Interested in this topic? Read Employee mental health and wellbeing – are you doing enough?

About Sarah Niblock

Professor Sarah Niblock

A journalist, broadcaster and academic, Sarah became CEO of UK Council for Psychotherapy in September 2017, and is tasked with shaping the organisation to play a leading role in improving access to high quality talking therapies. She is cut from very different cloth to most professors and CEOs we know. She is a published author on musician Prince, has arms full of tattoos and writes from her houseboat on a north London canal.

Sarah’s own background is not “average” for a chief executive. From a working class family in Merseyside, she was raised solely by her mother from the age of two. NCTJ-trained, she worked first as a journalist in the North-West reporting on stories like Hillsborough and the murder of James Bulger. She then moved into university lecturing, training students in journalism, before relocating to London in the mid-1990s. She subsequently achieved a Masters and a PhD in psychoanalytical theory and visual culture.

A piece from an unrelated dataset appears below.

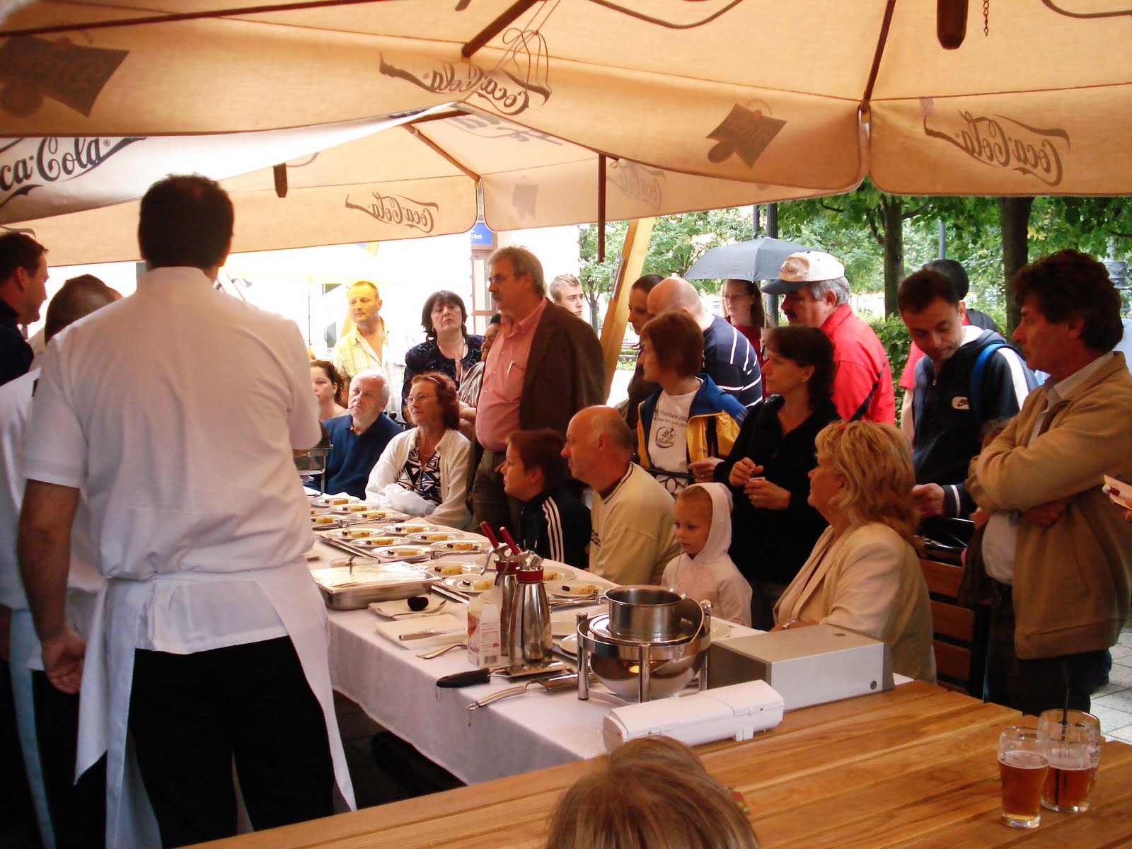 Az idegesítően szemerkélő eső elállni látszott, ezért a következő étterem a Gusta előtt állította fel "ízlelő portáját". Asztalokat húztak össze, makulátlan fehér terítők lebbentek, széles karimájú tányérok, szifonok, elektromos sütőlapok sorakoztak katonás rendben a Hunguest Hotel Aqua-Sol séfjeinek keze nyomán. Sejtettük, hogy valami különleges készül, a párás levegő megtelt izgatottsággal, az emberek körülfogták a rögtönzött konyhát és kíváncsian figyelték a molekuláris gasztronómiai varázslatot, hogyan lesz egy egyszerű tejfölből felhő állagú habrózsa, hogyan serceg a véres bélszín az edényben - és hogyan zárják a marharagú szaftját önmaga burkába, mintha egy barna üveggolyó lenne, ami a szádban ízek milliárdjaira pukkan szét. Az apró, tégla formára vágott hagymás-kolbászos kenyér nem hasonlított a hagyományos kenyérre sem állagban, sem kinézetben. Fűszeres kolbászdarabokkal, hagymával ízesített ruganyos, sárga színű kenyérszelet volt, ami tökéletesen egészítette ki a félig átsütött bélszínt.

Previous to joining UKCP, she was professor and associate dean at University of Westminster’s School of Media, Arts and Design and she has published research on media, trauma and ethics as well as popular music and identity. An academic fellow of the Dart Centre for Journalism and Trauma at Columbia University, she commentates on media ethics, specifically trauma and journalism, for a range of outlets. Sarah is co-author (with Stan Hawkins) of 'Prince: The Making of a Pop Icon' (Ashgate) and numerous other books, chapters and articles. She has presented to the paying public on pop culture at Latitude, the Southbank and the ICA.